Data Privacy & Confidentiality

Using AI tools with sensitive research data

How Claude Code Actually Handles Your Data

Understanding the data flow removes a lot of anxiety and helps you make good decisions.

Here is what happens when you use Claude Code:

Files stay on your machine. Claude Code runs in your terminal. Nothing is automatically uploaded. Your data files are not sent anywhere unless Claude explicitly reads them as part of a prompt.
When Claude reads a file, its contents go to Anthropic’s API. If you ask Claude to “look at data.csv” or it reads a file to answer your question, the file contents become part of the API request sent to Anthropic’s servers.
The conversation is processed on Anthropic’s infrastructure. Your prompt + file contents + Claude’s response travel over HTTPS to Anthropic, where the model generates a response, and the result is returned to your terminal.
Content is not retained for training. Anthropic does not use Claude Code API conversations for model training. They are processed and discarded. There is no persistent storage of your data on Anthropic’s side between sessions.
Each session is independent. When you close a Claude Code session and start a new one, the previous conversation is gone. Claude has no memory of what was in last week’s session.

The practical implication: the risk is not “Anthropic will store my data.” The risk is “this file’s contents were included in an API call” — which is the same risk as sending it in an email or pasting it into a web form.

The Dropbox Rule

If you wouldn’t put it on Dropbox, don’t let Claude read it.

This is a useful heuristic. When Claude reads a file, treat it like you’ve sent that file to a cloud service. Apply the same judgment you’d use for any external data processing: institutional policy, data agreements, IRB protocol, GDPR obligations.

The question is not “is this technically encrypted?” (it is). The question is: “do my data agreements and institutional rules permit sending this data to an external processor?”

German and EU Context: GDPR and DSGVO

If you work at a German institution — including the Kiel Institute — GDPR (in German: DSGVO, Datenschutz-Grundverordnung) applies to any personal data you handle. Using Claude Code with personal data has legal implications worth understanding.
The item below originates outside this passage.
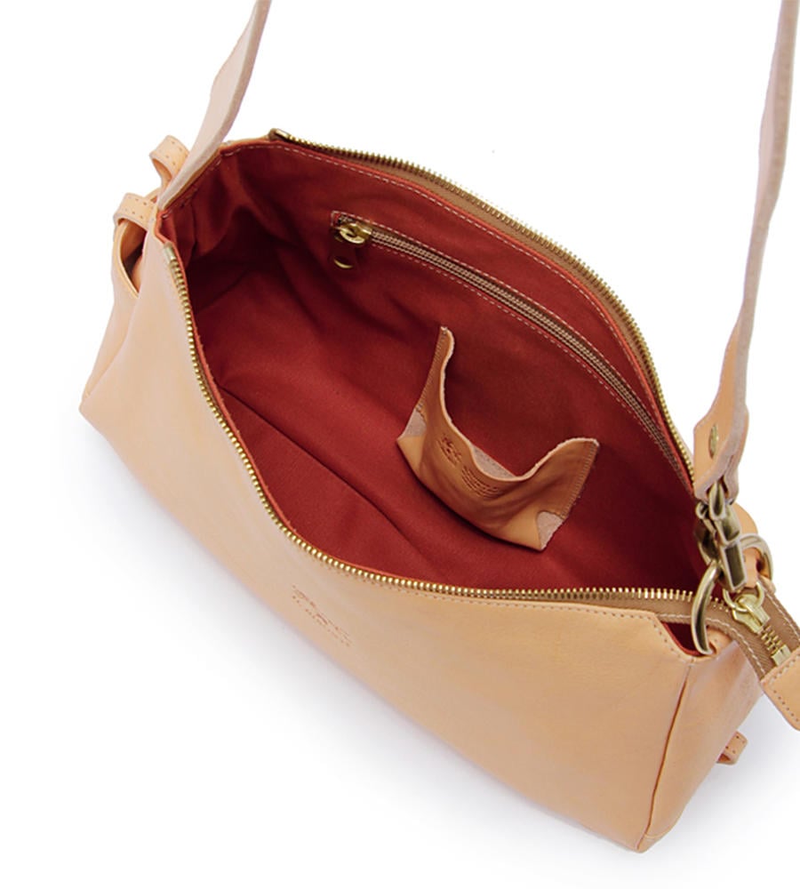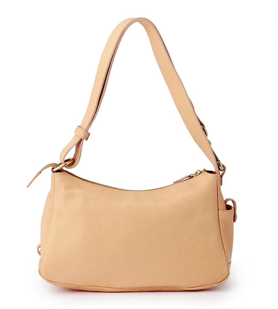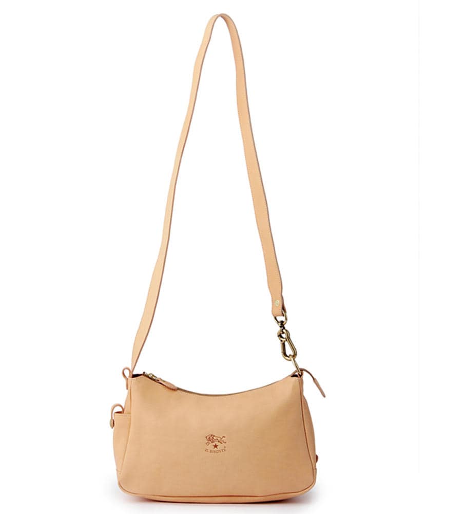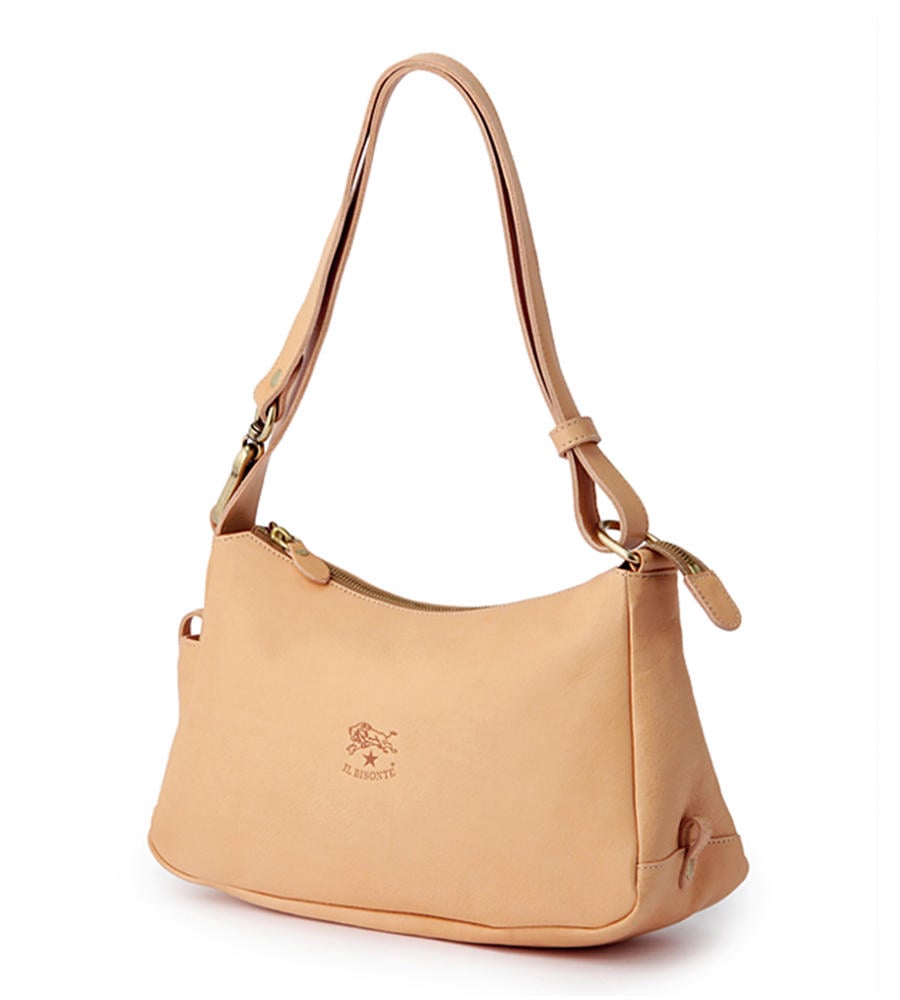 イルビゾンテが誇る上質レザーを用いてショルダーバッグを作りました。脇にすっぽり収まるジャストサイズで、デイリー使いにぴったりです。ショルダーの長さをロングにすることもできるので、肩掛けもできる2WAY仕様。内側にはファスナーポケットのほか携帯電話用の大きめポケットも配備しています。自分で使い込み風合いを楽しむヌメ、すでに使い込んだ印象が手に入るヤケヌメの2タイプを用意。

What counts as personal data under GDPR:

Names, addresses, email addresses, phone numbers
ID numbers (Personalausweis, passport, social security equivalents)
IP addresses and device identifiers
Health, financial, or survey data that can identify individuals
Firm names (if firms are small enough to identify individuals)
Any combination of variables that could single out a specific person

What doesn’t count: Properly aggregated data where individuals cannot be re-identified. Country-level trade flows, sector-level employment statistics, anonymized survey indices — these are generally fine.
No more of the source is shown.